Arbuscular mycorrhizal fungi

AMF are obligate biotrophs and form an excellent symbiotic relationship with the plant roots by penetrating the cell walls and cell membranes via extraradical and intraradical hyphae, thus radically improving the nutrient transport system of plants (Bowles et al., 2016; Jiang et al., 2017). Moreover, AMF improve the soil texture, nutrient cycling, and nutrient uptake (N, P, and K) of plants and also improve plant tolerance to biotic/abiotic stresses (Oliveira et al., 2017a,b). Glomalin is a proteinaceous product, produced by AMF, involved in soil aggregation and elevation of soil water holding capacity under stressed and unstressed conditions (Sharma et al., 2017).

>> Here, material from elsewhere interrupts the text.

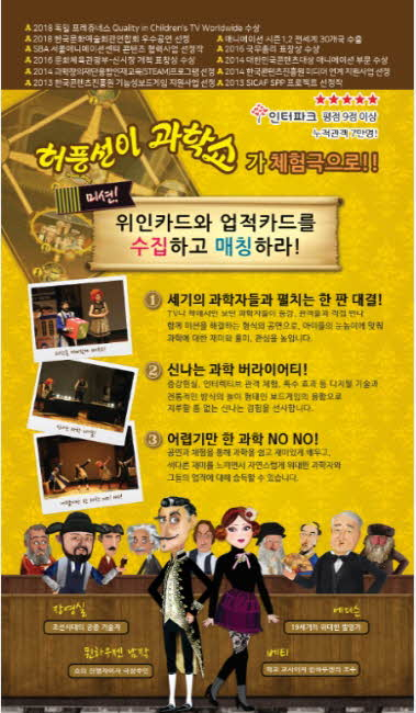 EBS에서 인기리에 방영된 애니메이션 『허풍선이 과학쇼』는 허풍선이 남작으로 유명한 뮌하우젠 남작이 매일 밤 여는 쇼로, 매회 전설적인 과학자를 초대해 세상을 바꾸어 놓은 위대한 발견과 발명에 얽힌 이야기를 직접 들어보면서 과학을 어려워하고 과학책을 읽기 싫어하는 어린이가 직접 참여해 어려운 과학을 쉽게 이해하는 과정으로 진행될 예정이다.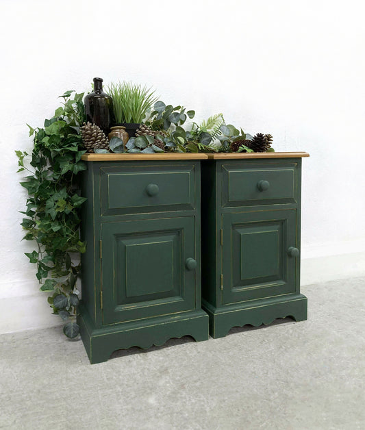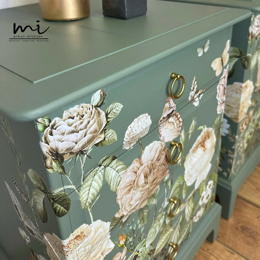 Made To Order - Refurbished vintage Stag Minstrel bedside tables, dusky olive green with floral design, sage green nightstands

Positive impact of beneficial fungi on plant growth responses

AMF affect growth-related functions in plants, such as stomatal conductance and leaf gas exchange, leaf relative water content (LRWC), photosynthetic capacity (photosystem II efficiency), plant biomass, and CO2 assimilation (He et al., 2017; Chandrasekaran et al., 2019). AMF not only improve plant yield but also play a significant role in increasing bioactive components of essential oils in medicinal plants and their nutritional status as indicated by Khalediyan et al. (2021). Continuous cropping can cause scarcity of nutrients and an imbalance in the microbiome of the rhizosphere resulting in reduced yield and poor plant quality. A study by Liu et al. (2020) reported that the negative effects of continuous cropping of American ginseng, such as decreased seedling emergence rate, shoot and root dry weight, soil pH, ammonium contents, and available P and K contents in the rhizosphere, were relieved by the use of endomycorrhizal fungi biofertilizer (Rhizoglomus irregulare, Funneliformis mosseae, and Funneliformis caledonium). Moreover, it increased the relative abundances of Acidobacteria and Ascomycota in the rhizosphere microbiota. A recent report by Xu et al. (2021) indicated that fungal epiphytes (PGPF) namely Fusarium fujikuroi and Fusarium oxysporum produced elevated levels of endogenous IAA, resulting in increased aboveground and belowground biomass of Ipomoea cairica cuttings.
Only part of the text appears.